The 3Q Project

The 3Q Project is located in the southern end of the “Lithium Triangle” in the Puna Plateau. The area is characterized by high altitude salt flats, many of which contain elevated lithium concentrations.

The largest brine lithium mines and projects in the world are located in salars in the Lithium Triangle including Atacama Salar (SQM and Albermarle), Cauchari-Olaroz Salar (Orocobre and Lithium Americas Corp) and Hombre Muerto Salar (FMC and Galaxy).

3Q is one of the fastest growing lithium brine projects in the industry, moving from discovery to full development in two years. We will continue to progress the 3Q Project into advance development stage in record time.
Waldo Perez


The Project is located in the southwestern portion of the Catamarca Province of Argentina, the largest Lithium producer province of Argentina.

The closest population centre to the Project is the town of Fiambalá, Argentina (population 5,000), located 100 km east of the Project.

There are no aboriginal communities or inhabitants in the Project area, which is only 25 km from the border with Chile.

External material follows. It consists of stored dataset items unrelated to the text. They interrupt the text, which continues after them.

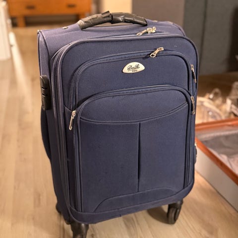 Two suitcases (dark blue Samsonite, another one in black unknown brand), both are hardshell large suitcases.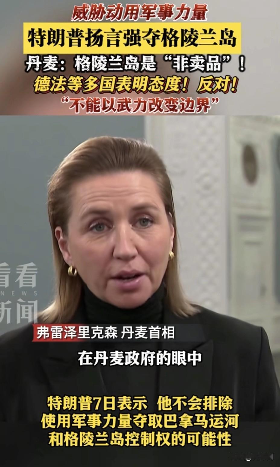 特朗普豪言“必须得到”格陵兰岛, 33岁总理强硬回怼:不属于美国! 北极资源宝地格陵兰岛, 正成为大国博弈新焦点。 美国总统特朗普多次宣称, 美国“必须得到”格陵兰岛。 他声称此举是出于“国家安全”考虑。 甚至表示不排除使用“军事手段”的可能性。 看看格陵兰岛的明确态度: 1️⃣ “美国得不到”: 总理尼尔森直言,格陵兰不属于任何其他国家。 2️⃣ “不是商品”: 强调格陵兰永远不会成为可供交易的“财产”。 3️⃣ “未来自己定”: 格陵兰的未来将由当地居民自己决定。 面对美方步步紧逼: ✅ 美国已任命“格陵兰岛特使”, 旨在推动该岛成为美国一部分。 ✅ 美副总统曾率团登岛, 指责丹麦“投资不足”。 ✅ 美政府高官妻子甚至在社交媒体发布格陵兰岛覆盖美国国旗的图片。 格陵兰与丹麦的反应强硬一致: 总理尼尔森斥责相关图片“不尊重”。 强调国际关系应基于相互尊重和国际法。 丹麦首相、外交大臣等多方均强烈反对,捍卫主权。 这场围绕北极的争端仍在持续。 它涉及主权尊严、国际法准则与资源战略的复杂较量。 点赞看小国如何捍卫自身权益? 关注看这场“购岛”风波将如何收场? 评论看美国的真实意图是什么?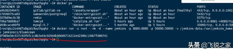 docker run -u root --rm -d --name jenkins -p 8889:8080 -p 50000:50000 -v /jenkins-data:/var/jenkins_home -v /var/run/docker.sock:/var/run/docker.sock jenkinsci/blueocean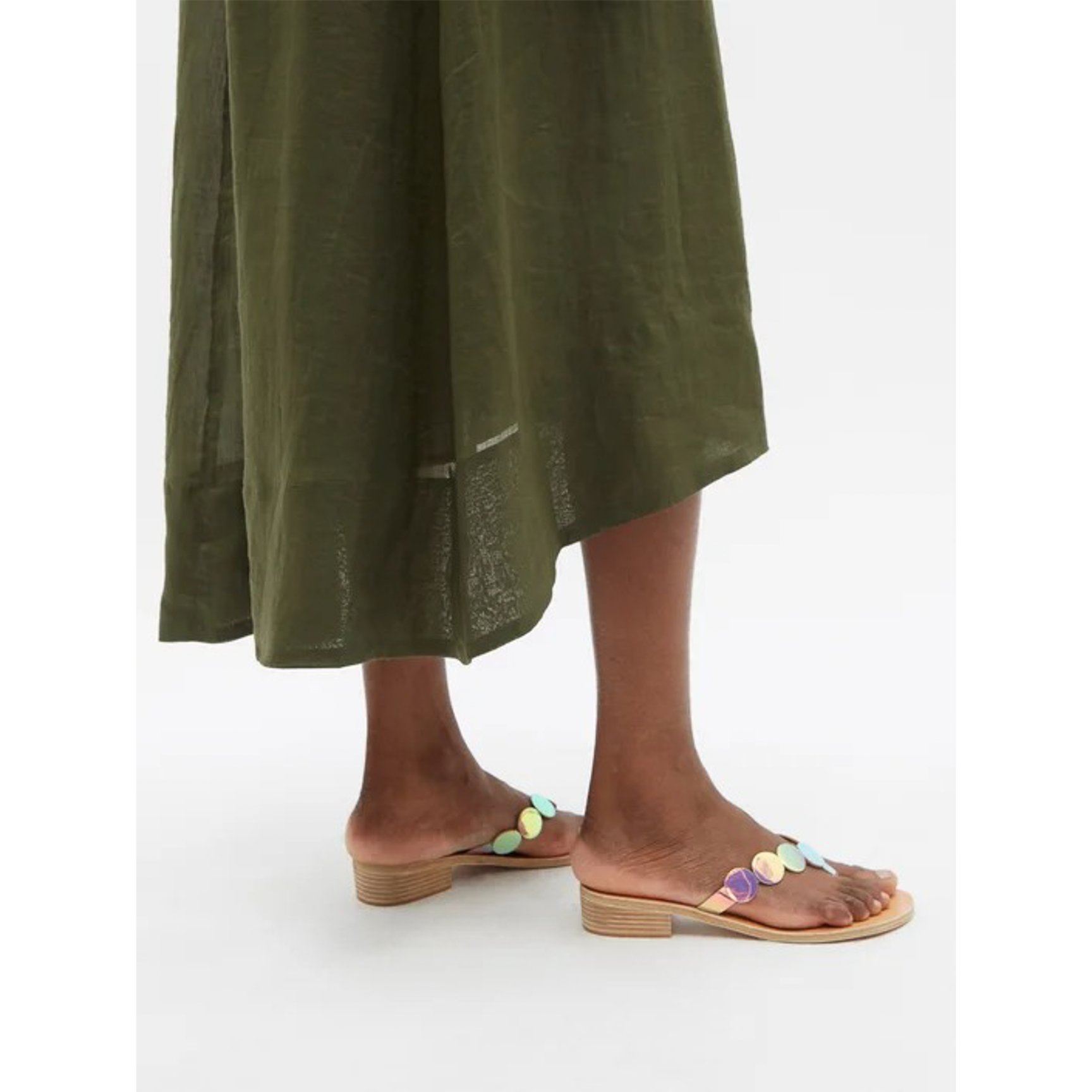 しゃぼん玉のようにやさしく輝く、「エンシェント?グリーク?サンダルズ(Ancient Greek Sandals)」のホログラフィックトングサンダル。光の入り方により様々な色合いを見せるロマンティックな一足は、ギリシャの熟練した職人によるハンドメイド作品。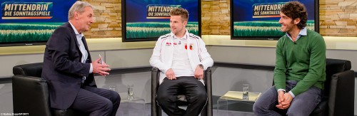 „Moderatoren sind Jörg Wontorra und Katja Wölffing. Neben den beiden Weltmeistern Karl-Heinz Riedle und Thomas Berthold, die sich als Experte im Studio abwechseln, begrüßen wir immer einen Gast zu einem der Sonntagsspiele – wie am Augsburgs Mittelfeldregisseur Daniel Baier. Wir analysieren das komplette Bundesligawochenende, gehen auf aktuelle Entwicklungen ein und blicken mit einem Topthema tiefgründig auf das Innenleben der Vereine. In «Bundesliga – Der Spieltag» gibt es direkt im Anschluss alle weiteren Tore und Highlights vom Bundesliga-Wochenende zu sehen“, sagt Stefan Thumm.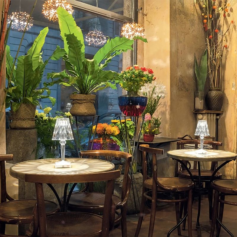 典型的なランプシェードのかたちを元に、コンテンポラリーな技術を組み合わせた照明です。5時間の満充電で6時間点灯します。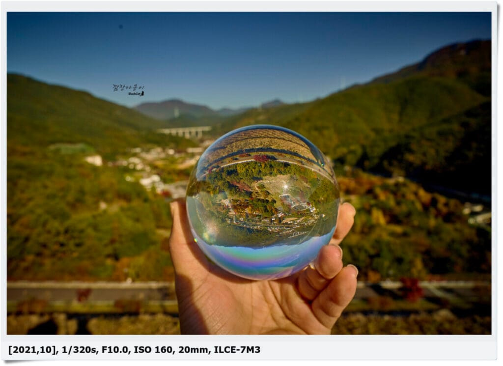 구슬로도 한번 찍어보려고 구슬도 가지고 갔는데 그걸 깜빡하고 구슬을 못찍은게 너무 아쉽네요.. 구슬속에 담긴 밀양호의 물줄기가 정말 기가 막혔을거 같은데..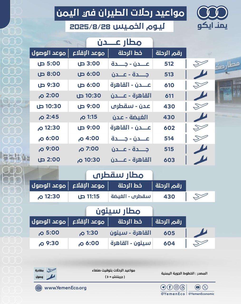 أخبارأسواقمواعيد الرحلات في ومطار عدن ومطار سقطرى مطار سيئون: الخميس 28 أغسطس 2025م 27/08/202527/08/20250355
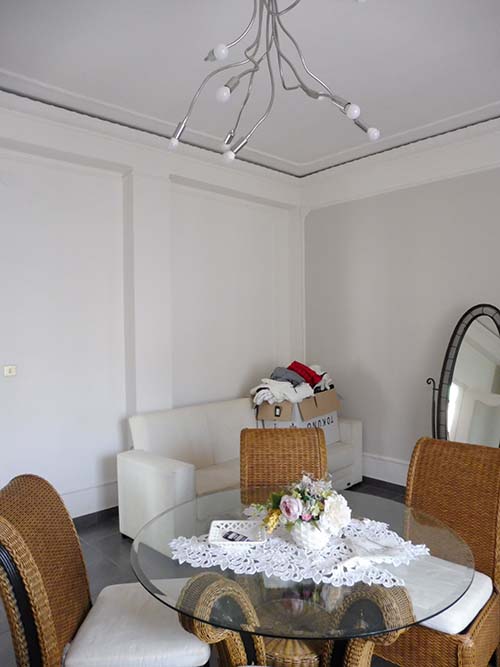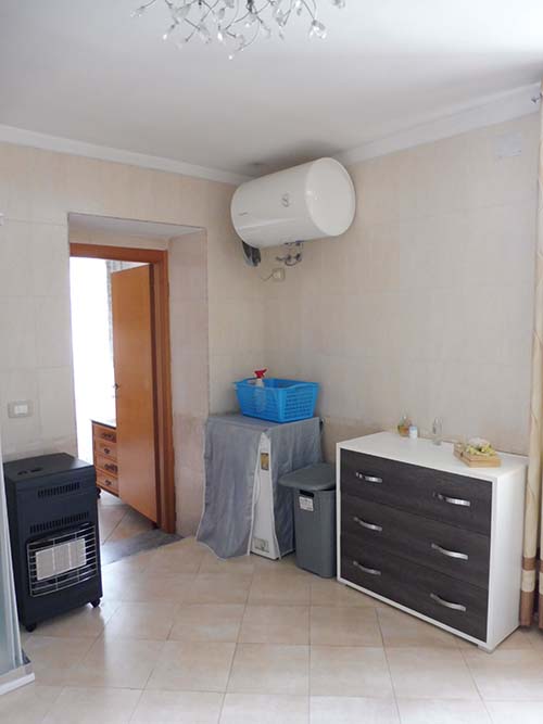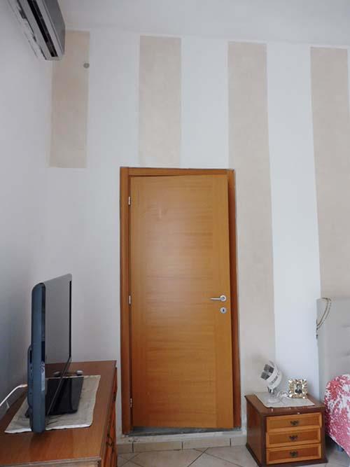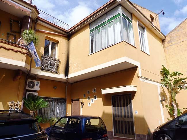 Porzione di fabbricato interclusa su due livelli (piano terra e primo) ubicata in Casapulla alla Via IV Novembre n.55, composta al piano terra da due vani (camere), disimpegno, ripostiglio e cabina armadio (realizzaticon chiusura dell'antistante portico); al piano primo da disimpegno, due vani e due ripostigli.Il bene è privo di accesso dal cortile comune e dalla strada, nonché del collegamento verticale tra i due piani (corpo scala è stato edificato sul cortile comune, come da relazione di stima in atti)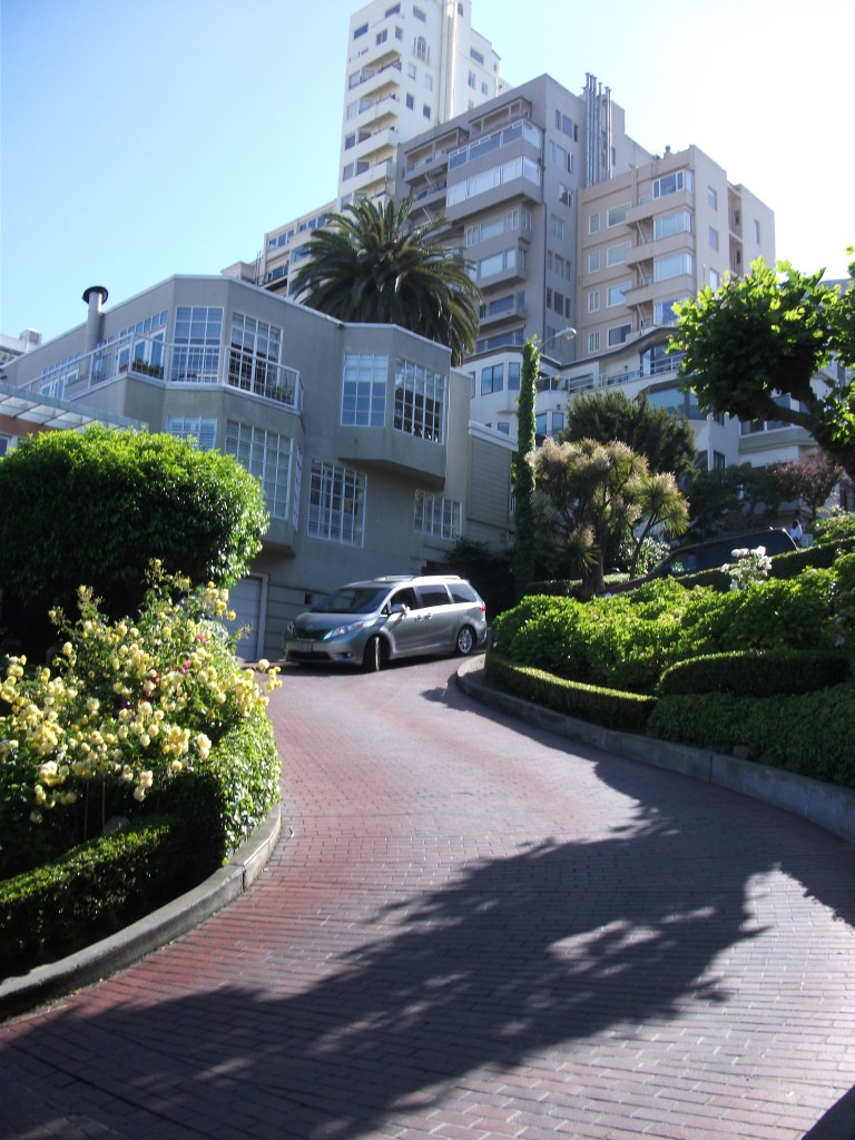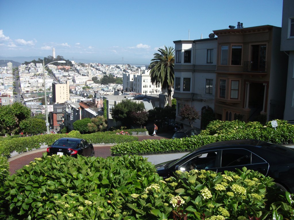 En-route back to the hotel (which has free Wi-Fi, by the way!) we decide to hike up a mountain in the direction of Lombard Street. Mum nearly has a coronary but the views back over to the bridge and down the crooked street are worth it. Plus, we must have burnt a ton of calories! We walk down Lombard and stop to take some snaps. I was surprised that the street is open to cars and the there was no shortage of drivers waiting to test their skills. Thank god that American cars are automatics, I wouldn’t want to test my clutch control on those hills!
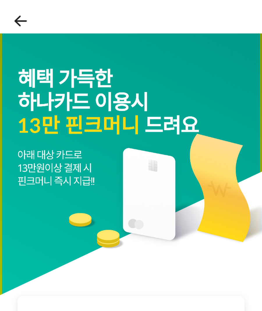 혜택 가득한 하나 카드 이용 시 13만 핀크머니를 드려요 ~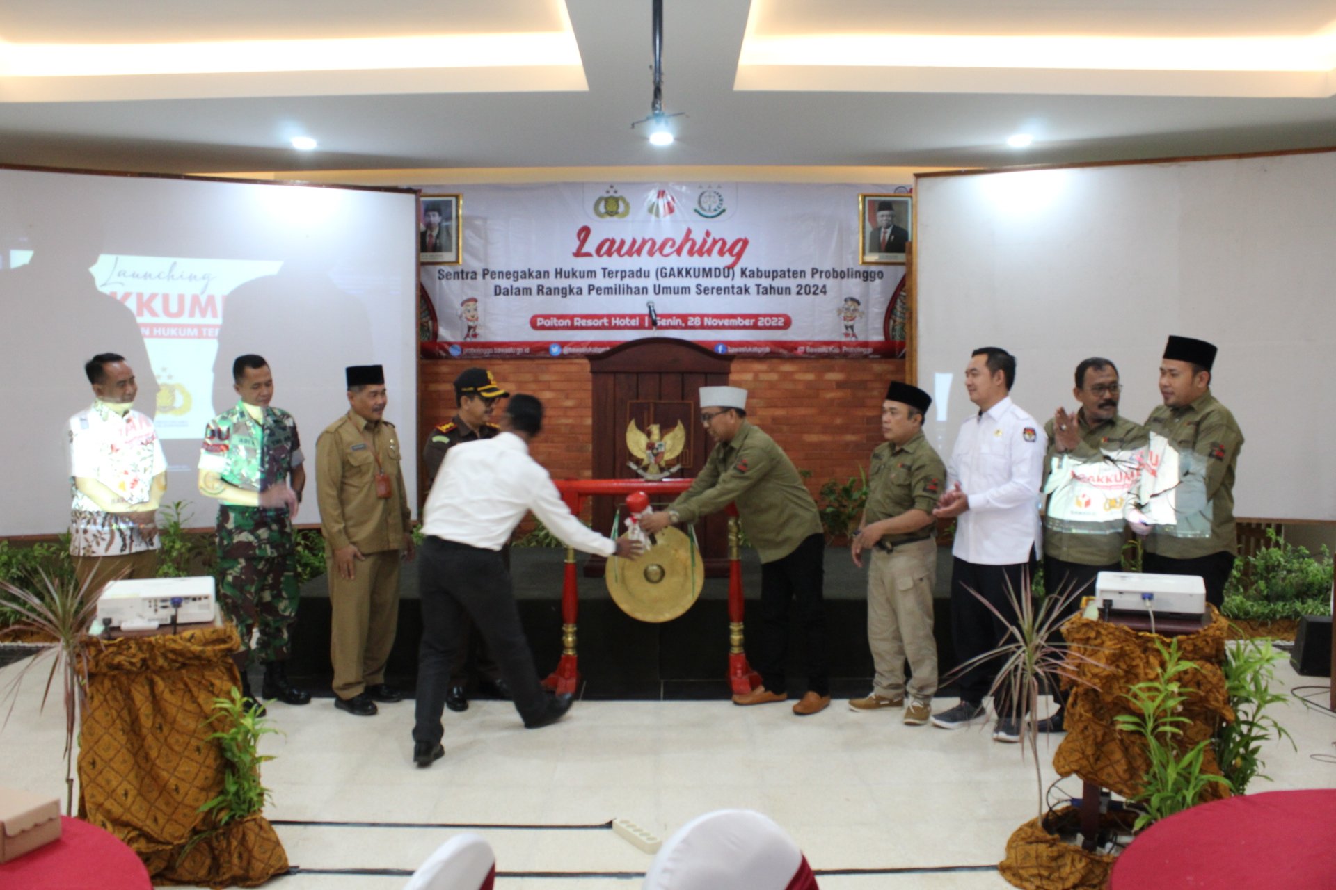 Paiton - Pukulan gong menandai di luncurkannya Sentra Gakkumdu Kabupaten Probolinggo. peluncuran sentra gakkumdu ini dalam rangkaian Launching Penegakan Hukum Terpadu (Gakkumdu) Kabupaten Probolinggo Dalam Rangka Pemilihan Umum Serentak Tahun 2024 Senin, (28/11) di Paiton Resort Hotel.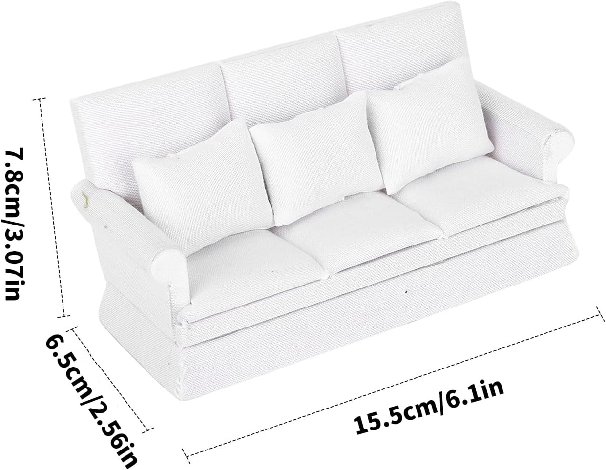 Materiali in legno. Non facile da deformare, artigianato innocuo realizzato con materiali in legno, questo divano visivamente accattivante, modello dall'aspetto eccellente molto vicino alla realtà. Gli ottimi oggetti di scena fotografici sono un regalo molto divertente per chi ama i decoratori di case delle bambole Modello di divano vintage e dettagliato, compatto e classico, studio ad alta riduzione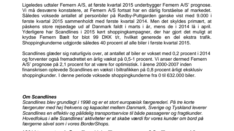Ligeledes udtaler Femern A/S, at første kvartal 2015 underbygger Femern A/S’ prognose. Vi må desværre konstatere, at Femern A/S fortsat har en dårlig forståelse af markedet. Således voksede antallet af personbiler på Rødby-Puttgarden ganske vist med 9.000 i første kvartal 2015 sammenholdt med første kvartal 2014. Men det skyldes primært, at påskens store rejsedage ud af Danmark faldt i marts i år, mens de i 2014 lå i april. Yderligere har Scandlines i 2015 kørt shoppingkampagner, der har gjort det muligt at krydse Femern Bælt for blot 99 DKK t/r, hvilket generede en del ekstra trafik. Shoppingkunderne udgjorde således 40 procent af alle biler i første kvartal 2015.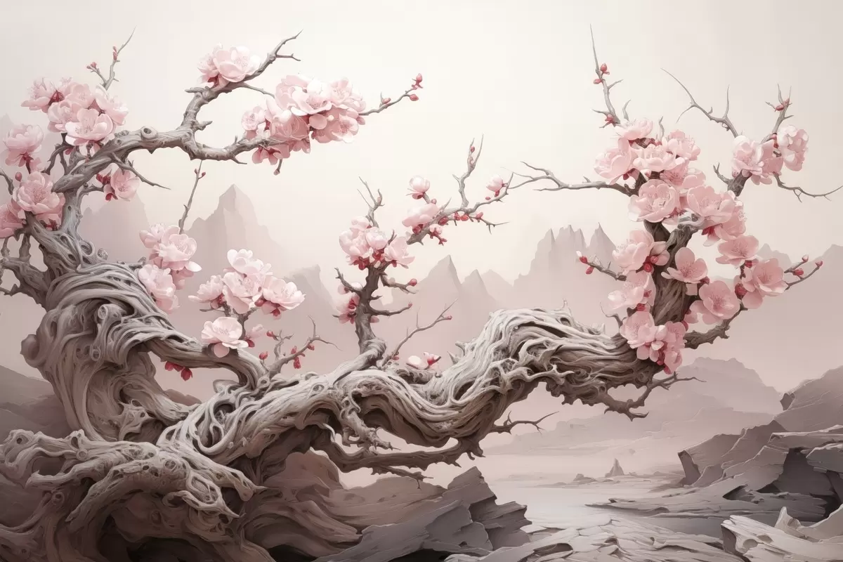Фототапет Усукан ствол на дърво с разцъфнала розова сакура Nr w09388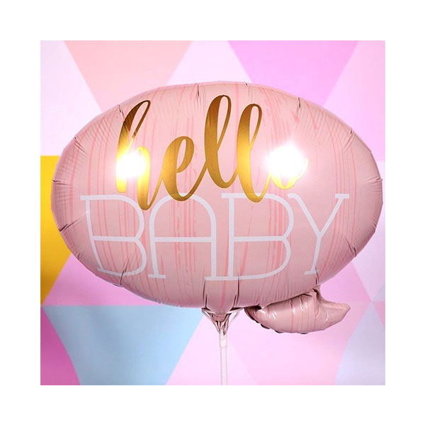Piękny balon foliowy Różowo – Złoty z napisem – Hello Baby doskonale sprawdzi się na baby shower oraz na powitanie nowego członka rodziny.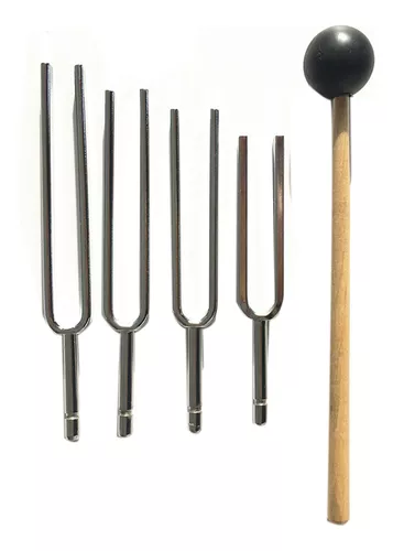 Set de 4 diapasones para comparar frecuencias y resonancia. Ideal para experimentos de acústica en laboratorio escolar.
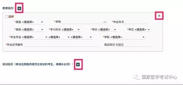 教育及培训经历,这里的学校名称同样是点击右侧的三个圆点按钮,从学校列表中搜索并选择自己所在的学校,选择完成后,我们建议根据毕业证书上的内容将其他信息填写完整,如果有多个教育经历的,点击教育经历旁的加号按钮,可增加一条新的教育经历,如果需要删除教育经历,也可点击右上角的X按钮,全部填写完成后,勾选左上角的复选框,选择一个符合报考条件的学历作为本次医师资格考试的教育经历。特别注意: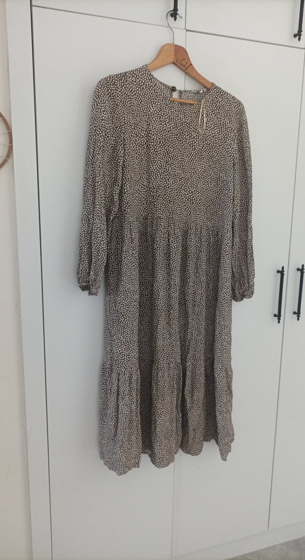 Bej renkli, yılan desenli uzun elbise. Uzun kollu, bol kesim ve yuvarlak yakalıdır. Sentetik kumaştan, fırfır detaylıdır. Günlük kullanıma uygundur. marka temsili

Image Highway and Mountains


The closest highway to the Project is Ruta Nacional 60, which connects the capital city of Catamarca (San Fernando del Valle de Catamarca) to Copiapó and the seaport of Caldera, via Paso de San Francisco. The project is connected to the highway by an all-weather 60 km dirt road.

Over $25 million has been invested in the 3Q Project by September 2018, including a 100 person year-round camp.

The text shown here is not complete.